【多事蹴論(36)】ジーコジャパン時代にあった“鉄の掟”とは――。2006年ドイツW杯を目指していた日本代表では10番を背負うMF中村俊輔が絶対的なFKキッカーとして君臨していた。左足から繰り出される精度の高いキックはまさに世界屈指。スコットランド1部セルティック時代には欧州チャンピオンズリーグでマンチェスター・ユナイテッド(イングランド)からFKゴールを決めるなど、日本代表にとって貴重な得点源だった。

 世界的名選手で元ブラジル代表10番のジーコ監督も俊輔のFKを絶賛しており、そのキックを生かすため、前線の選手には敵ゴール近くでファウルを誘ってFKチャンスをつくり出すことが厳命されていた。実際、日本が連覇した04年アジアカップ(中国)でもFW鈴木隆行は、粘ってボールをキープすることが「僕の仕事」と断言していたように、ゴールを奪うため、いかに俊輔へ“つなぐ”のかがチームの重要な戦略になっていた。

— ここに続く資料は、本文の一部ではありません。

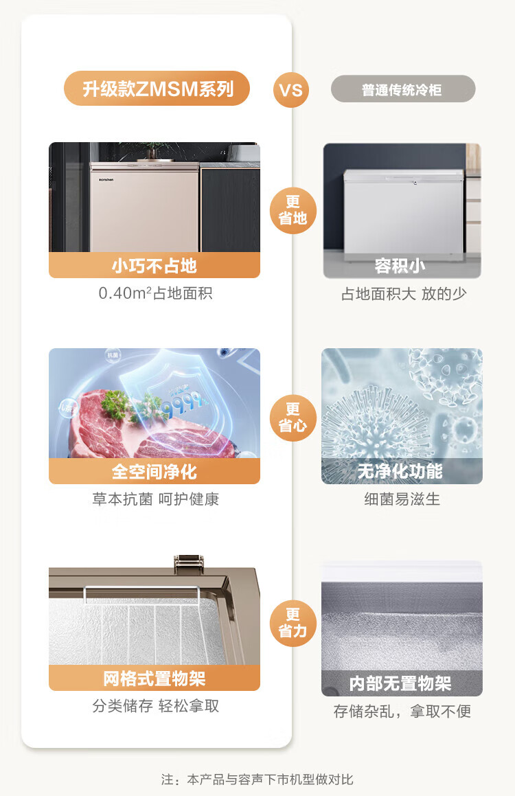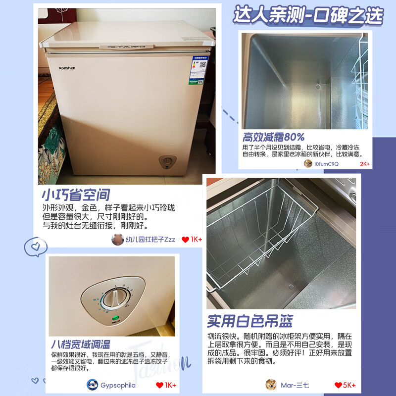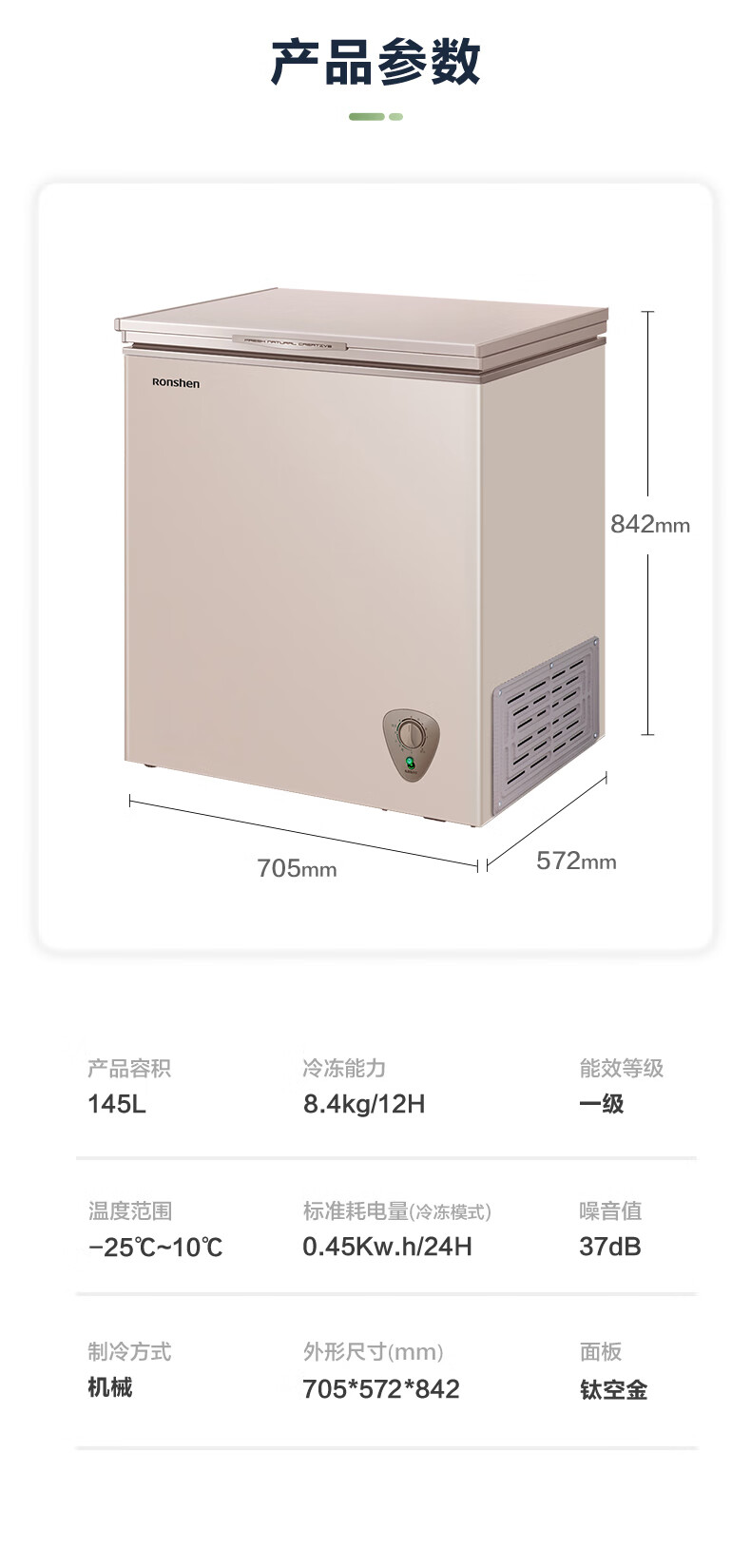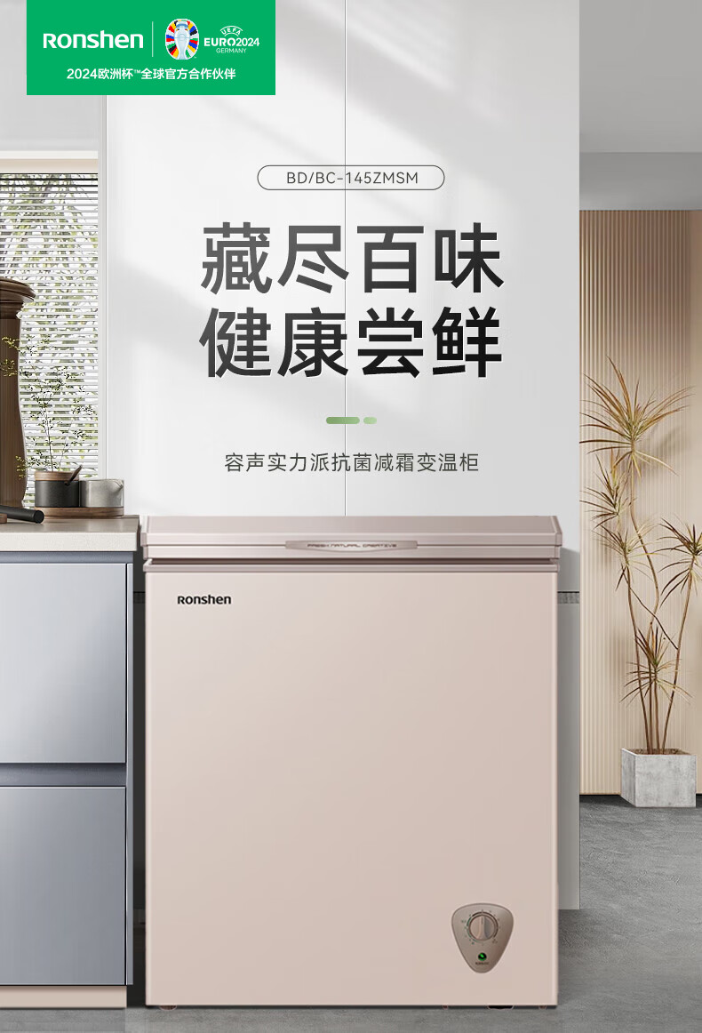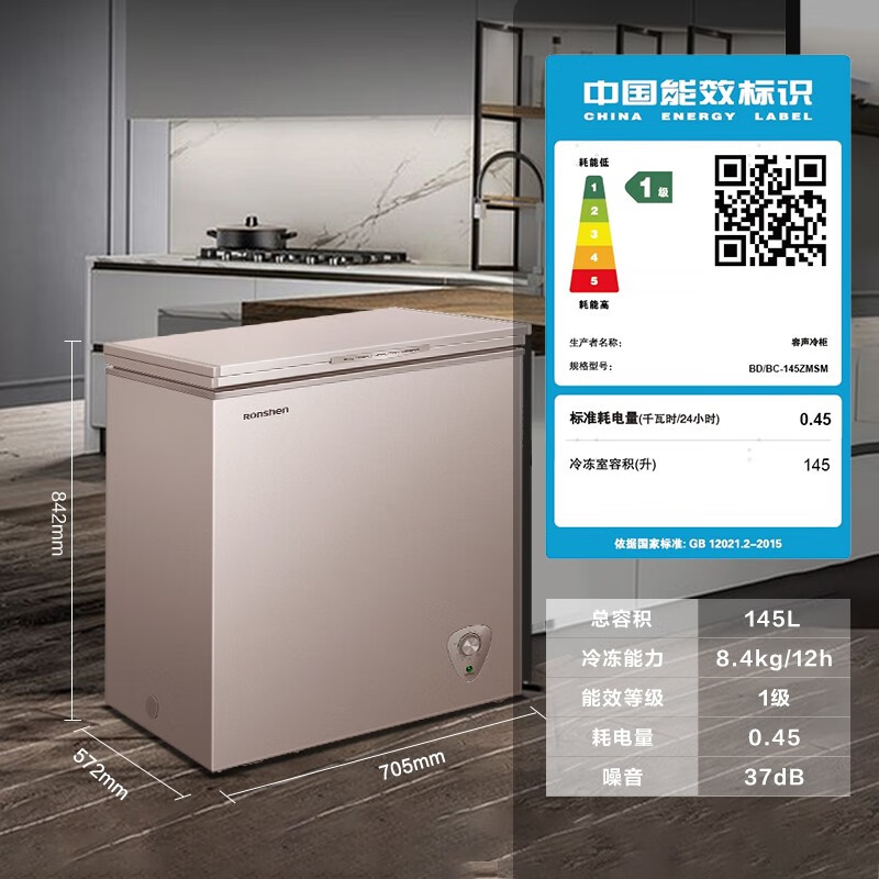 容声(Ronshen)145升冰柜小型冷柜冷藏冷冻商用家用小冰柜迷你变温母婴母乳小冰箱卧式一级能效BD/BC-145ZMSM 【全空间净化】八档调温 高效减霜变温款 145L

 そんな中、俊輔が不動のキッカーを務めるFKの好機を虎視眈々と狙っていたのが、ブラジルから日本に帰化したDF三都主アレサンドロだ。俊輔と同じ左利きの選手でクラブではFKキッカーを担っていた。ある代表合宿中、三都主は本紙の取材に「ボクも自信はあるんですよね。FKでチャンスがあれば蹴りたいんですけど…。得意な位置でのFKなら一応、蹴りたいとは言うのですが…」とキッカー願望を明かしていた。

 日本代表でFKゴールを決めればヒーローになれることやドイツW杯に向けたメンバー生き残りをジーコ監督にアピールするため、三都主は自慢のキックを披露したかったのだ。しかし、チームメートからは「お前はFKを蹴るなよ。直接ゴールを狙える位置はすべて俊輔に任せろ」とダメ出し。さらには「勝手にFKを蹴ったら許さないからな。いいな、絶対だぞ」と“恫喝”する選手もいたという。

 ジーコジャパン時代はFKキッカーも指名制ではなかったため、チームとしては三都主が蹴ることは禁止されていなかった。それでも俊輔と同じ左利きでFKのとき、シュートレンジやシュートコースなども酷似する同じタイプのキッカーだったため、イレブンはより得点確率の高い10番にFKを全面的に任せたい意向が強く、三都主の希望は同僚たちに封殺されたわけだ。

 もちろん、ジーコジャパンでは右利きの選手の方がFKゴールを狙いやすい場面ではMF中田英寿やMF遠藤保仁がキッカーを担当することが“暗黙の了解”になっていたという。いずれにしても、メインキッカーは世界からも注目されていた俊輔で、そのパフォーマンスとともに、FK力で日本代表のレベルを押し上げたのは間違いない。